## [MATERIAL SUPPLIED]
========================

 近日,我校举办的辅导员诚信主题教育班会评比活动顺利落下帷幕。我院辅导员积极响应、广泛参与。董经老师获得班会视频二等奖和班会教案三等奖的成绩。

========================

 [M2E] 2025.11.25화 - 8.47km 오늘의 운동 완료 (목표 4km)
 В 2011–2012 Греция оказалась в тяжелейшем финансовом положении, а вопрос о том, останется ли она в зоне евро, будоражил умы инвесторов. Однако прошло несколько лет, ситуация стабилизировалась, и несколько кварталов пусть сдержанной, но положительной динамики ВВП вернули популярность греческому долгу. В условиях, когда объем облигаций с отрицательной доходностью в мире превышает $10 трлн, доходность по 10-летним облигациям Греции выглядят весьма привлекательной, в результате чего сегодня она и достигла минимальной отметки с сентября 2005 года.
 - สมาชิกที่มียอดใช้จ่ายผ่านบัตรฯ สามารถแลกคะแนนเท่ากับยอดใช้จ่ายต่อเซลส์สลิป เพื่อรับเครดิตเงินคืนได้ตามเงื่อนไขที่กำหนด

========================

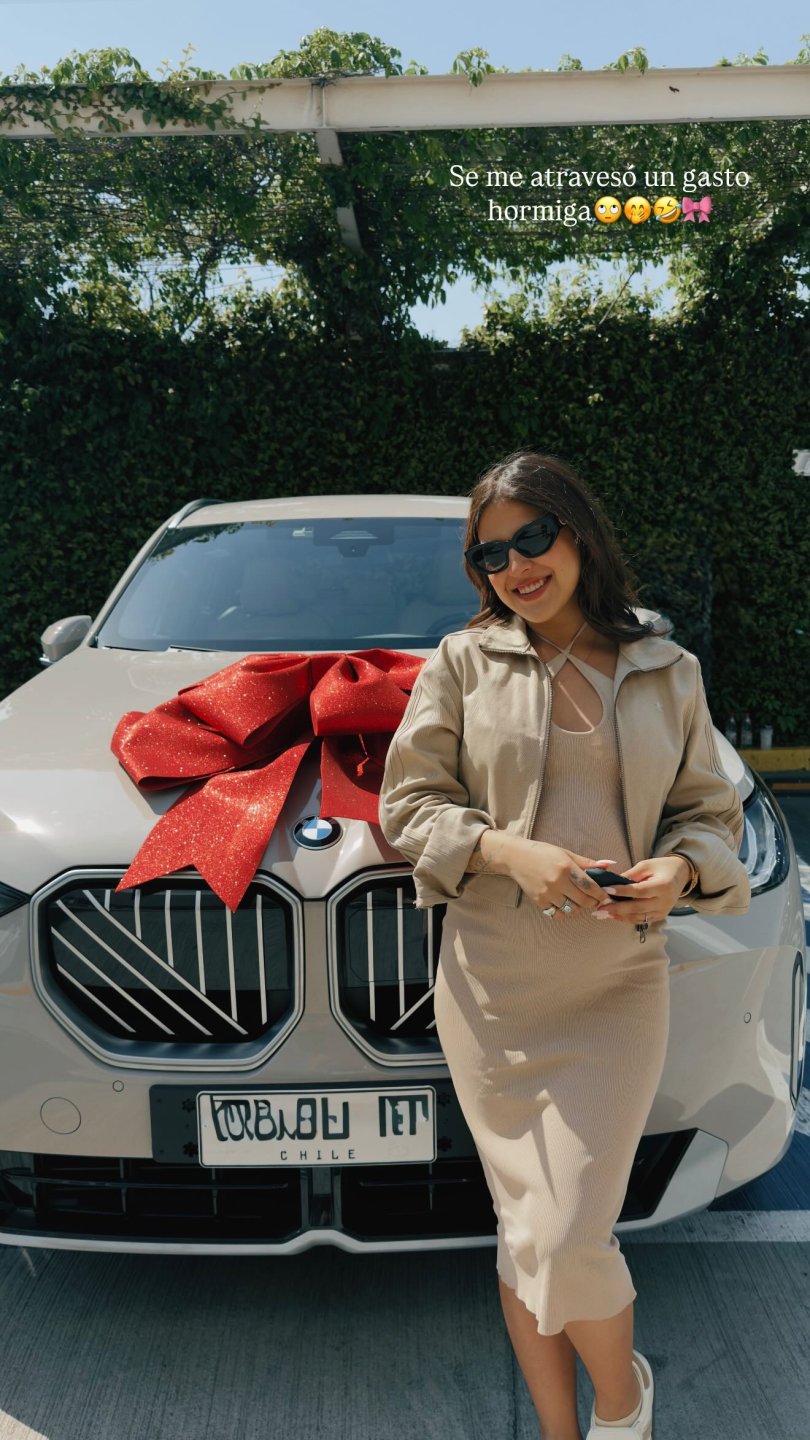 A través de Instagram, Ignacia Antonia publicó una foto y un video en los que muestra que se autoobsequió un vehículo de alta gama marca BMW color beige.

========================

Please transcribe only the lines in the records above running from the line that has "[M2E] 2025.11.25화 - 8.47km" through the line that has "В 2011–2012 Греция", both included, exactly as they appear.

 [M2E] 2025.11.25화 - 8.47km 오늘의 운동 완료 (목표 4km)
 В 2011–2012 Греция оказалась в тяжелейшем финансовом положении, а вопрос о том, останется ли она в зоне евро, будоражил умы инвесторов. Однако прошло несколько лет, ситуация стабилизировалась, и несколько кварталов пусть сдержанной, но положительной динамики ВВП вернули популярность греческому долгу. В условиях, когда объем облигаций с отрицательной доходностью в мире превышает $10 трлн, доходность по 10-летним облигациям Греции выглядят весьма привлекательной, в результате чего сегодня она и достигла минимальной отметки с сентября 2005 года.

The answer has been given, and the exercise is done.